A little about me
I'm a Senior Systems Administrator based in Ottawa, Ontario, with over two decades of hands-on experience keeping Linux infrastructure running — cleanly, reliably, and without drama. My work lives in the space between hardware and software: provisioning servers, hardening systems, automating workflows, and generally making sure the machines do what they're supposed to do.
By day I support a medical company out of Montreal. Outside of that, I run a small self-hosted lab environment where I explore automation, AI tooling, and content infrastructure — because some people have hobbies, and mine happen to involve servers.
"It takes years to gain the trust of a client. It takes only seconds to lose it."
I've been hosting things for people since the early 2000s — long before "the cloud" was a selling point — and that era shaped how I think about reliability, ownership, and the value of actually knowing your infrastructure. These days I work by referral, keeping things small and the quality high.
I sit in the micro-generation between Gen X and Millennials — old enough to have had a fully analog childhood, young enough to have embraced the digital world without hesitation. We grew up playing outdoors, watching TV with a handful of channels, and calling friends on landlines. Pagers, not smartphones, were the height of teenage communication.

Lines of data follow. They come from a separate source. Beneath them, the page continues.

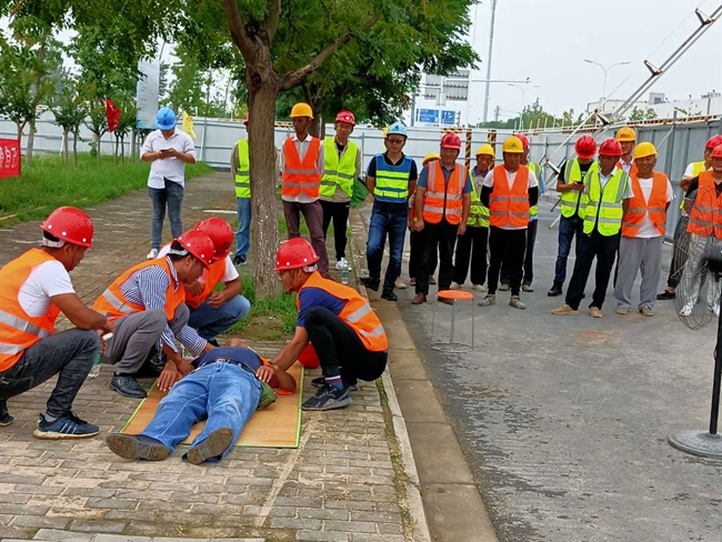 近期,市政工程部在園區(qū)鏡泊湖路東延段施工現(xiàn)場(chǎng)組織開(kāi)展防暑降溫應(yīng)急救援演練。由鏡泊湖路項(xiàng)目班組實(shí)施模擬現(xiàn)場(chǎng),開(kāi)發(fā)公司代建所有市政工程項(xiàng)目現(xiàn)場(chǎng)觀摩學(xué)習(xí)。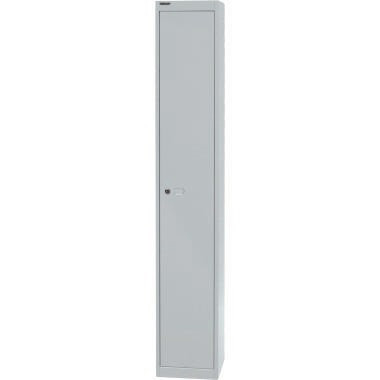 Bisley Garderobenschrank Office. 1 Hutfachboden und 1 fixierter Kleiderhaken unter dem Fachboden. Glatte Oberfläche ohne vorstehende Kanten. Etikettenhalter. Belüftungslöcher an Ober- und Unterseite. Leichter Schließvorgang. 200 unterschiedliche Schlossnummern. Mehrere Spinde können miteinander verbunden werden. · Anzahl der Fachböden: 1 Fachboden · Masse (Gewicht): 19,36 kg · Werkstoff: Stahl · Tragfähigkeit des Fachbodens: 12 kg · Tiefe: 305 mm · Schließung vorhanden: Ja · Maße: 30,5 x 180,2 x 30,5 cm (B x H x T) · Garantie gewährt: Ja · Farbe: lichtgrau · Anzahl der Abteile: 1 Abteil · Anzahl der Fächer: 1 Fach · Garantiedauer: 5 Jahre · Ausführung der Lieferzusammenstellung: inkl. Hutboden und fixiertem Kleiderhaken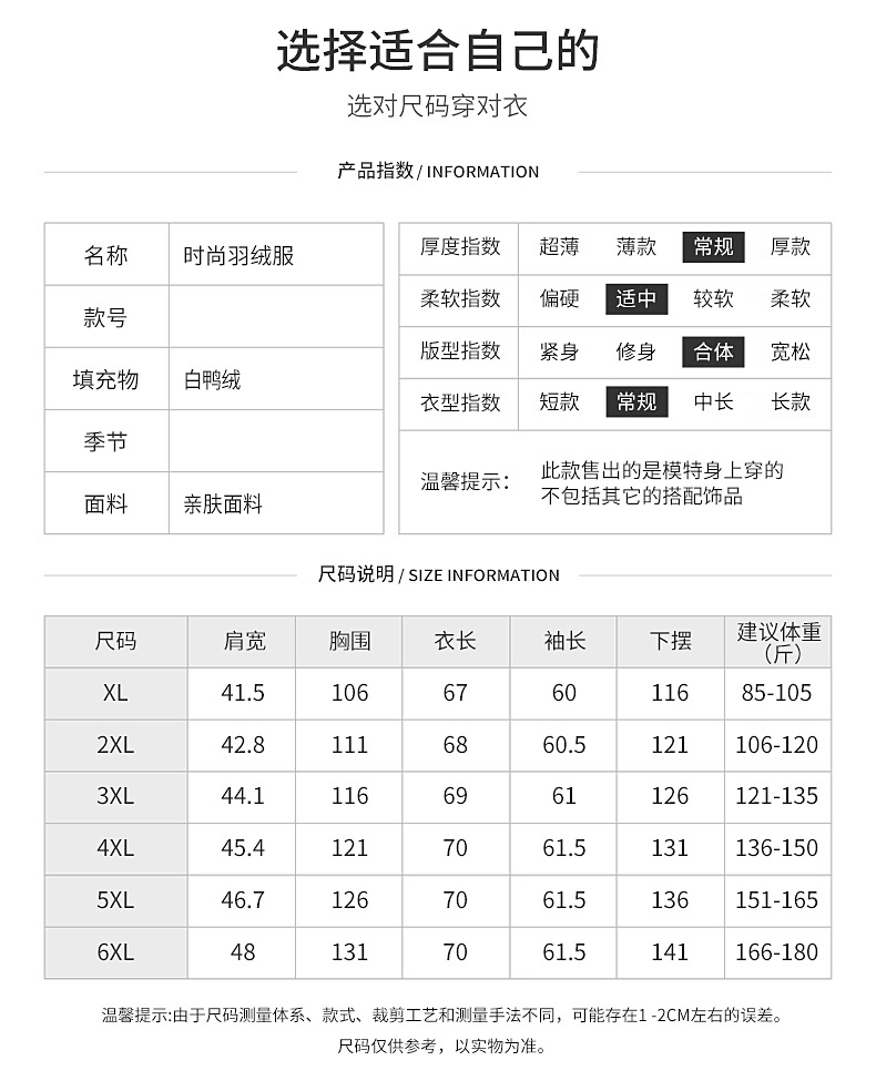 XL (рекомендуется 45,00-55,00 кг; 2XL (рекомендуется 55,00-62,50 кг; 3XL (рекомендуется 62,50-70,00 кг; 4XL (рекомендуется 70,00-77,50 кг; 5XL (рекомендуется 75,00-82,50 кг; 6XL (рекомендуется 82,50-90,00 кг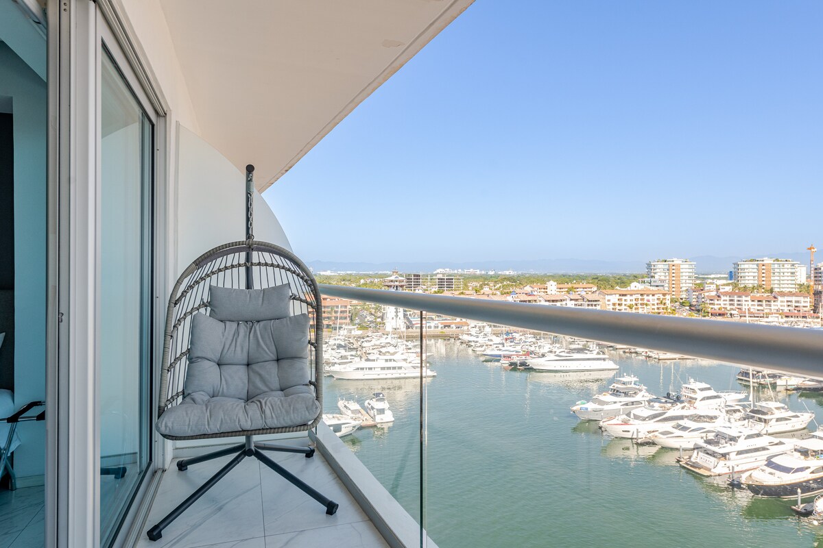 Disfruta del lujo y la comodidad en el corazón de Marina Vallarta. Ubicado en el piso 7, este exclusivo condominio ofrece una experiencia funcional y moderna con una de las mejores vistas de la región. Desde tu balcón privado, podrás contemplar el movimiento de los yates, la iluminación nocturna de la marina, el despegue de aviones y la majestuosa Sierra Madre. • Espacios Integrados: Una sala luminosa con Smart TV de 65” que conecta con una habitación principal equipada con cama King Size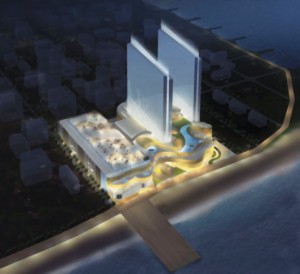 Developers of Revel, the long-suffering Atlantic City megaresort-in-progress (left) have been shopping the project around Wall Street. Their task is being made more difficult as a two-casino package of small-scale properties grinds inexorably through the New Jersey Legislature. Revel‘s gonna be a tough sell if you could build something only one-third as big and one-fifth as expensive. Holy improved ROI, Batman! At least the present form of the “boutique casino” bill contains a tax penalty for developers who don’t expand their properties over time, throwing a sop to existing operators who have no choice but to maintain much larger casino-hotels.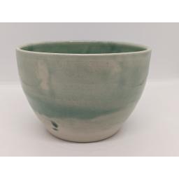 A stonware clay bowl overlaid with transparent sea green glaze, made by contemporary potter Louise Tomlins of Harbour Pots in her garden studio on the river Thames. This bowl measures 13cm in diameter and 9cm high. When filled with my natural organically scented candle it will burn for approx 80 hours, dont forget to select your choice of scent.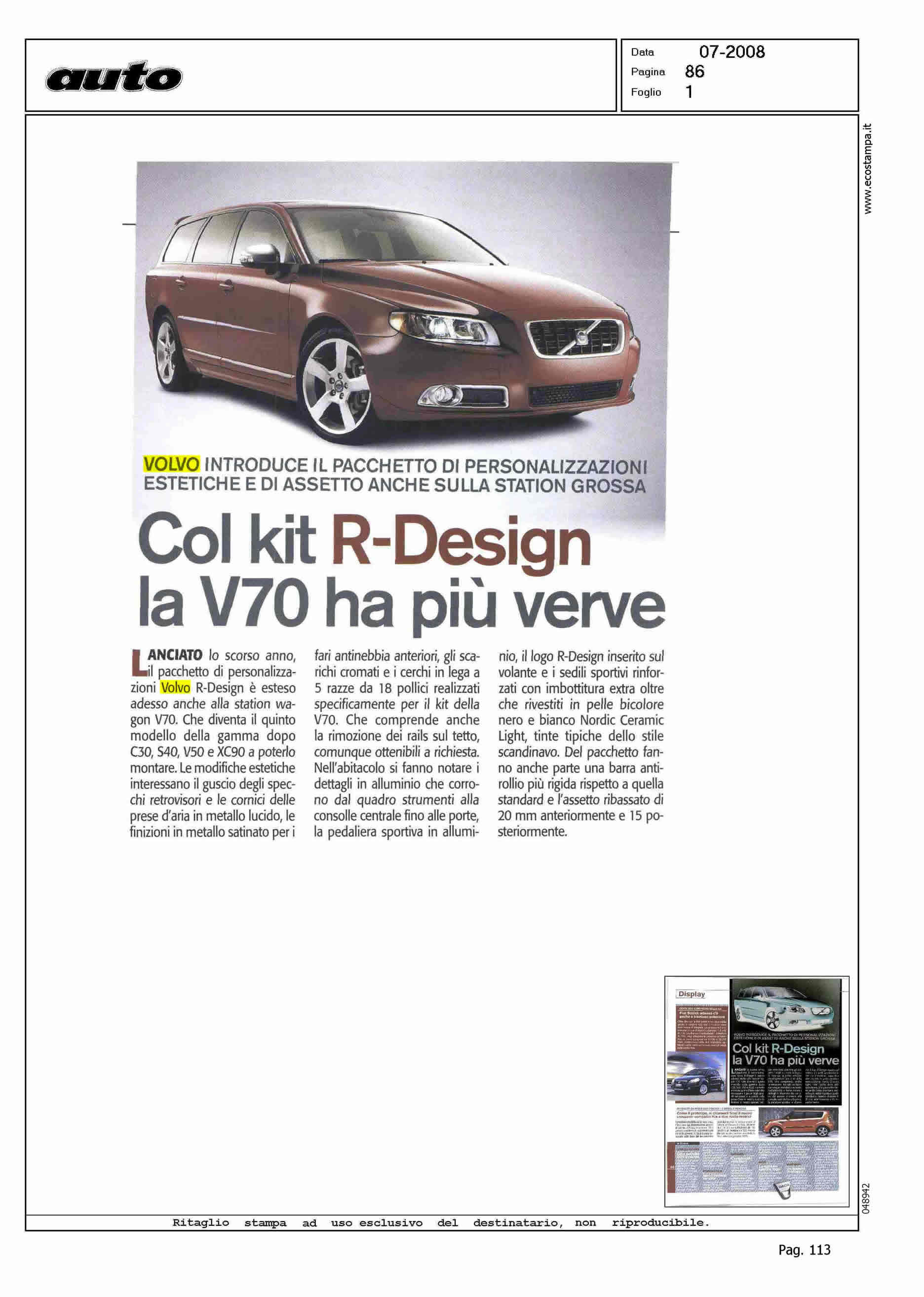Line: Corporate Model: V70 Subject:

That upbringing gives Xennials a somewhat unusual lens: we carry the independence and healthy skepticism of Gen X, while sharing the tech optimism and adaptability more commonly associated with Millennials. We remember what life was like before the internet — and we also remember the exact moment it changed everything.
That balance shapes how I approach technology. I don't fetishize it, but I'm not afraid of it either. Tools exist to solve problems. If they do that well, great. If not, you build something better.

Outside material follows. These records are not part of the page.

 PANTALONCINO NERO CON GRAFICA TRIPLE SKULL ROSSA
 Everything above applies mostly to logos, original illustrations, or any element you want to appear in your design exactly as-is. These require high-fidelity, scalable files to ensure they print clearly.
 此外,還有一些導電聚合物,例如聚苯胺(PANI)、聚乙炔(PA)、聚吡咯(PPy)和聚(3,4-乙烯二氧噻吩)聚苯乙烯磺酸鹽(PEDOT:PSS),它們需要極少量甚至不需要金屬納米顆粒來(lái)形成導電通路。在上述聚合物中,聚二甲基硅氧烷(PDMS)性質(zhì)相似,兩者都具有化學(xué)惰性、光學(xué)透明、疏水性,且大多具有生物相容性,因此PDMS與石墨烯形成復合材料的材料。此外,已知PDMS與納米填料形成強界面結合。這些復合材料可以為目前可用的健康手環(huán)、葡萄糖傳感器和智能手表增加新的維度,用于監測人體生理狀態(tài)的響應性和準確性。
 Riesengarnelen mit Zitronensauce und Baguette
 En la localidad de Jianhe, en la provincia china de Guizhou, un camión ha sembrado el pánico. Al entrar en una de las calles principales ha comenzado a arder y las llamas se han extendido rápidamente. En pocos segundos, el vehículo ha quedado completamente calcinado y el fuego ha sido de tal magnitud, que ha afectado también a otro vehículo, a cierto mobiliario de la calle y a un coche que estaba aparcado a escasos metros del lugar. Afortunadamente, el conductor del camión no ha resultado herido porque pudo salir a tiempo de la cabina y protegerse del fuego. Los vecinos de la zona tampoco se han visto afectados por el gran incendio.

Outside of the terminal, I'm an amateur photographer — a passion passed down from my late father, who was a professional photographer. He taught his sons everything he knew, and we grew up with an actual darkroom in the basement, long before DSLRs were commercially viable. There's something about the patience and craft of analog photography that still informs how I see a frame today.

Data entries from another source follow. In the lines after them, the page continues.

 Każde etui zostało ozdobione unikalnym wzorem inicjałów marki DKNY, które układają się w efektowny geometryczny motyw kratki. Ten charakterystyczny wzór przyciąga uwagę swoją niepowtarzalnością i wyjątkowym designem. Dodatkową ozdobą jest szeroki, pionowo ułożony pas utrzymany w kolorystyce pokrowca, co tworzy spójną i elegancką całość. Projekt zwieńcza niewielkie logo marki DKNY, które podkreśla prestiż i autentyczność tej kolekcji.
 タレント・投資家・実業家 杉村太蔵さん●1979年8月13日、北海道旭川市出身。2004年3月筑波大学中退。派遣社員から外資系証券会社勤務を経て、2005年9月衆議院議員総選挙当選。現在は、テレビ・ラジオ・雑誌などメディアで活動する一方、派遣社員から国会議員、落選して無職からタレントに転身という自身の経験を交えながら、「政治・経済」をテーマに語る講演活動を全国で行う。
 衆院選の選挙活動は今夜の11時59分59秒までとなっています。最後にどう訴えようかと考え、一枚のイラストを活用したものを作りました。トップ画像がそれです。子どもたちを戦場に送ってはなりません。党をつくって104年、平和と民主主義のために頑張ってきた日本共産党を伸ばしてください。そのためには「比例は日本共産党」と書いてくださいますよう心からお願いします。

When the weather permits, you'll find me on two wheels. Riding a motorcycle has a way of clearing the head that nothing else quite replicates.
Things I've built
A self-hosted, fully automated tech and AI news website. Content is discovered, synthesised from multiple sources, and published through a custom automation pipeline — with distinct writer personas giving each article a consistent editorial voice. Built entirely on open-source tooling and self-managed infrastructure.
The infrastructure
A mix of bare metal and virtualised nodes — running Ubuntu, Debian, and Proxmox VE. The fleet handles AI workloads, media, Docker services, and development environments, all connected over a private overlay network.